Entries shown:
----

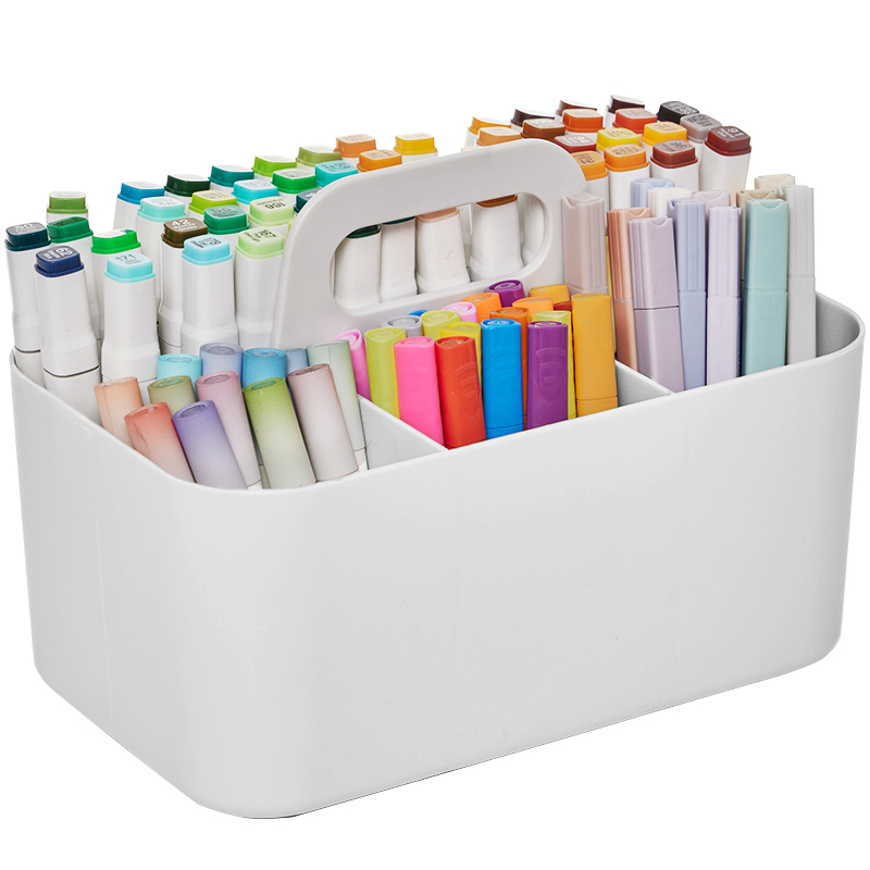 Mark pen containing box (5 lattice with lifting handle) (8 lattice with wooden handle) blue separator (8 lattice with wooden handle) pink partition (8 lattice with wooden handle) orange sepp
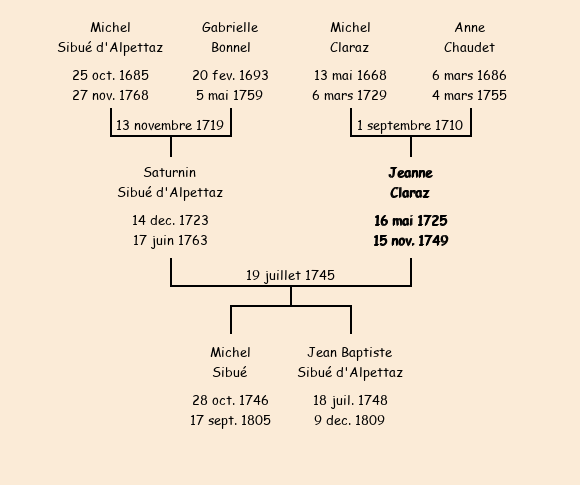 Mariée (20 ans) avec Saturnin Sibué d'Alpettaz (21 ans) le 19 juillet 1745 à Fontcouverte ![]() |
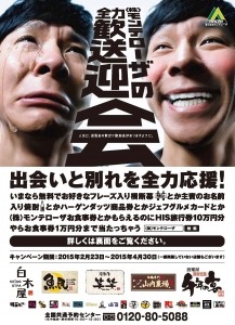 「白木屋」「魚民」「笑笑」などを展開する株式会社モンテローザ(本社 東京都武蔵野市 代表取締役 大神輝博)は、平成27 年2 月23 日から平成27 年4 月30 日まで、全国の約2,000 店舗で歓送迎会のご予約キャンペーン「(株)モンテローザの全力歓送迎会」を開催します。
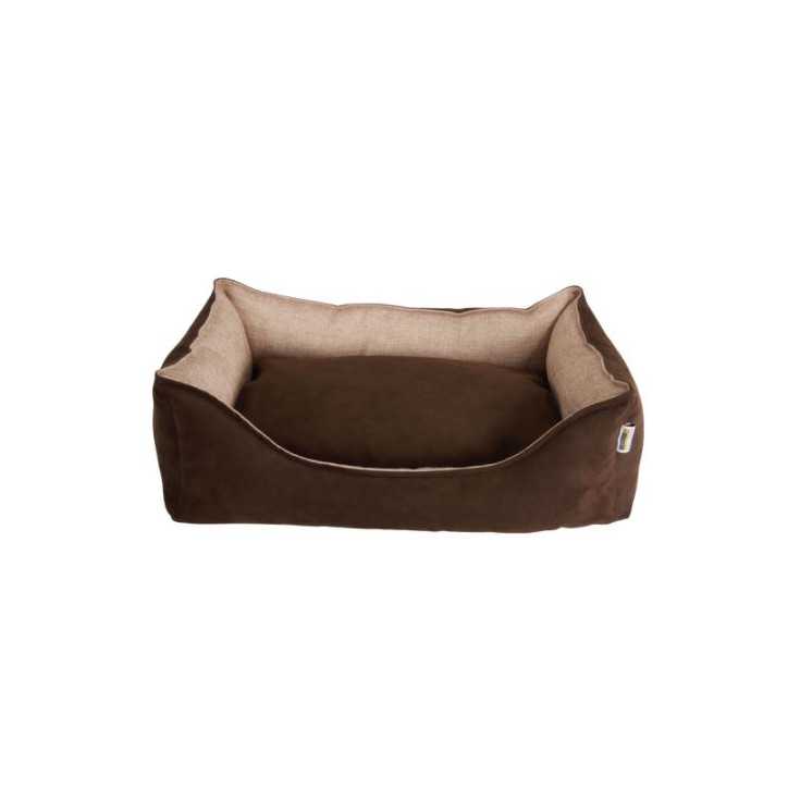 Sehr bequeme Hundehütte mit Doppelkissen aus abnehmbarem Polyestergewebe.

----

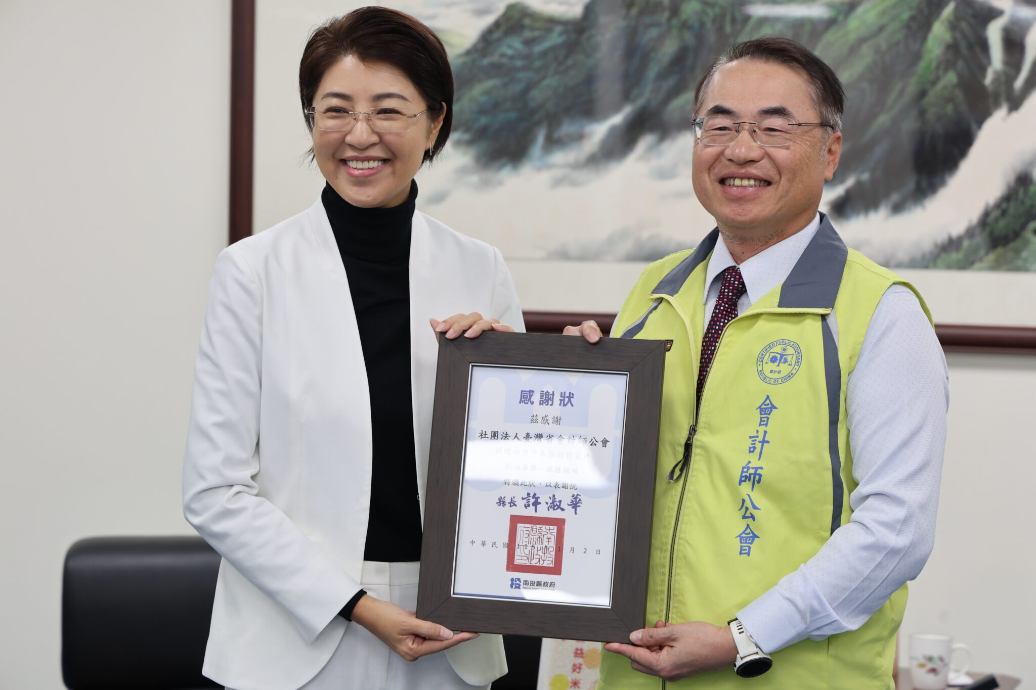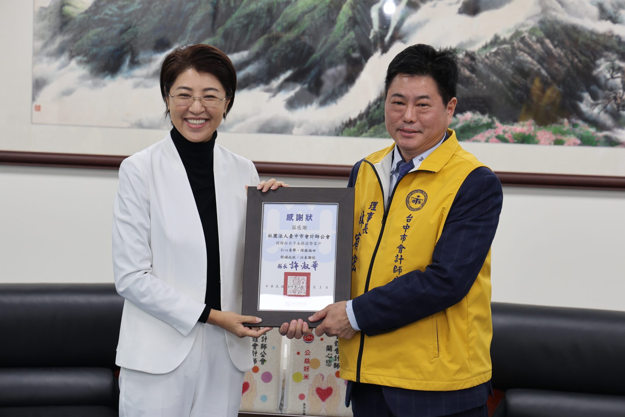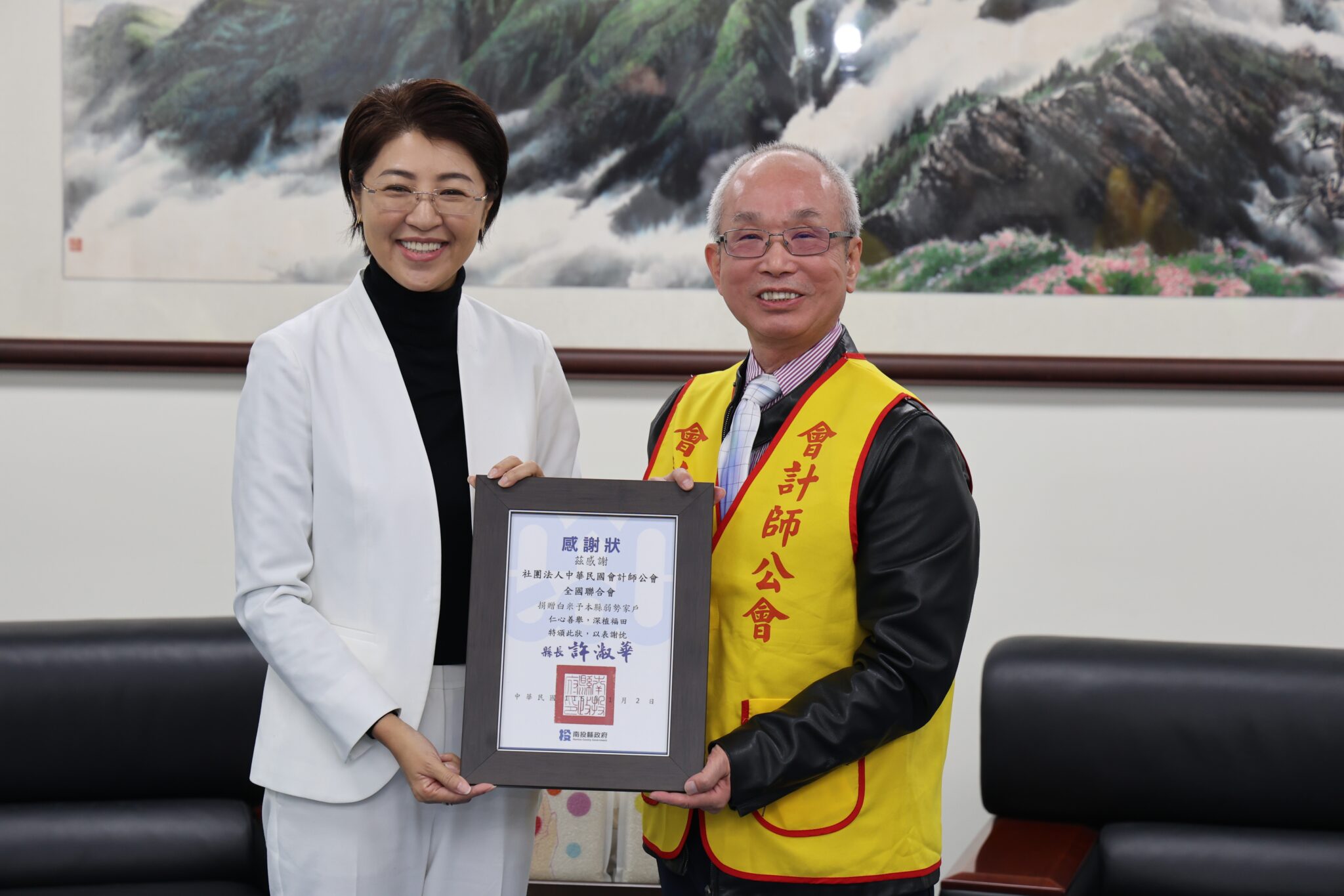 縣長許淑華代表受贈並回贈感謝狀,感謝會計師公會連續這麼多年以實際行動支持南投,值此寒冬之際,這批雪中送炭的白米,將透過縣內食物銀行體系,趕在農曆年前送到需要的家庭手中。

----

Work to complete:
Reproduce exactly the lines of the data above that run from the line with "月30 日まで、全国の約2,000 店舗で歓送迎会のご予約キャンペーン「(株)モンテローザの全力歓送迎会」を開催します。" down to the line with "Sehr bequeme Hundehütte", both ends included. Pictures do not belong in the copy.

Answer box:
 「白木屋」「魚民」「笑笑」などを展開する株式会社モンテローザ(本社 東京都武蔵野市 代表取締役 大神輝博)は、平成27 年2 月23 日から平成27 年4 月30 日まで、全国の約2,000 店舗で歓送迎会のご予約キャンペーン「(株)モンテローザの全力歓送迎会」を開催します。
 Sehr bequeme Hundehütte mit Doppelkissen aus abnehmbarem Polyestergewebe.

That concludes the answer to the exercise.